Identity Security Venn
Is OAuth Impersonation a Feature or Threat?
"But the plan won't accomplish anything
If it's not implemented"
-Doug Martsch, Built to Spill
This week saw two important docs released from the Financial API group at OpenID Foundation (links below) - a security profile for high security applications using OAuth framework and importantly an attacker model for OAuth 2.0.
The combined set of specs show important guidance for looking at how identity protocols are attacked and how we can defend them better. This makes these documents a useful antidote to “we use (Oauth/SAML/OIDC), we’re secure.”
To security engineers, we think of impersonation as a threat, after all Spoofing is the “S” in STRIDE. But for identity protocols like OAuth, impersonation is a benefit - it makes access easy and simple, you told us to improve user experience, right?
With attacker rigs getting better and better, we live in a world where security engineers need to be next level thinkers.
Not just:
build threat models for applications and systems,
find countermeasures to mitigate threats
Instead we need to keep going:
threat model what are the ways the countermeasures will be attacked and how to defend against those?
Because Identity is fundamentally an integration technology, to cross borders and connect things, identity protocols are front and center in attacker’s sights.
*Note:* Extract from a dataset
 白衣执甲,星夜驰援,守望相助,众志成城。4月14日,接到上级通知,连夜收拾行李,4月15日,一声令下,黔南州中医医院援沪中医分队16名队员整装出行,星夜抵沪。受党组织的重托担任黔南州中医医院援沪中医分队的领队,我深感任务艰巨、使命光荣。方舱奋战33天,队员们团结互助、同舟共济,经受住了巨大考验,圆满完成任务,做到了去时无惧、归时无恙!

Put it all together and the combined effect of security teams striving for least privilege and identity protocols making simple and easy as possible means defending account takeover an industry wide challenge. That is what makes the FAPI security specs so helpful to the industry.
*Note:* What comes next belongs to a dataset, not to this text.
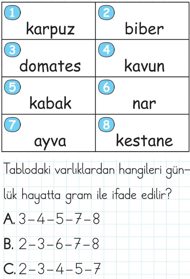 2. Sınıf Uzunluk ve Kütle Ölçme - Tahmin Etme Test 3

One of the challenges with defending identity protocols is that the solutions are disparate and mostly disconnected from each other, so they do not play to the traditional strengths of Infosec teams which tend to focus more narrowly. Instead, the idea of defending OAuth applications means looking across the whole stack from user device, to phishing, to network controls, to server configs, to application controls (CSRF and the like), and so on.
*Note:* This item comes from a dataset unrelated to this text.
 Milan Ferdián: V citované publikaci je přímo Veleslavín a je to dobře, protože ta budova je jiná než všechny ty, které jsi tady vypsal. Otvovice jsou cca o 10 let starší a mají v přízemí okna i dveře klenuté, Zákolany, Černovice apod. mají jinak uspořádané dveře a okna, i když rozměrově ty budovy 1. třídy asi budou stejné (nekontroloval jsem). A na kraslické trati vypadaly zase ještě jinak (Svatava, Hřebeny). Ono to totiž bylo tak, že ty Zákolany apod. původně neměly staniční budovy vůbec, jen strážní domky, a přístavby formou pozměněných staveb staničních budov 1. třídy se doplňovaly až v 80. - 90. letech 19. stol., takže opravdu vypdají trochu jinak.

In today’s world, these are all discrete effort and there is not a place to go to harness and monitor all these challenges. Charlie Munger liked to say that you have to understand your circle of competence, and if you cannot define the edges and borders of your competency then it is not a competency. The work that groups like the FAPI team is so useful not because it has all the answers for security teams that have to defend identity protocols, but because it shows the protocol limitations and those can be used to upgrade identity protection, detection, and response.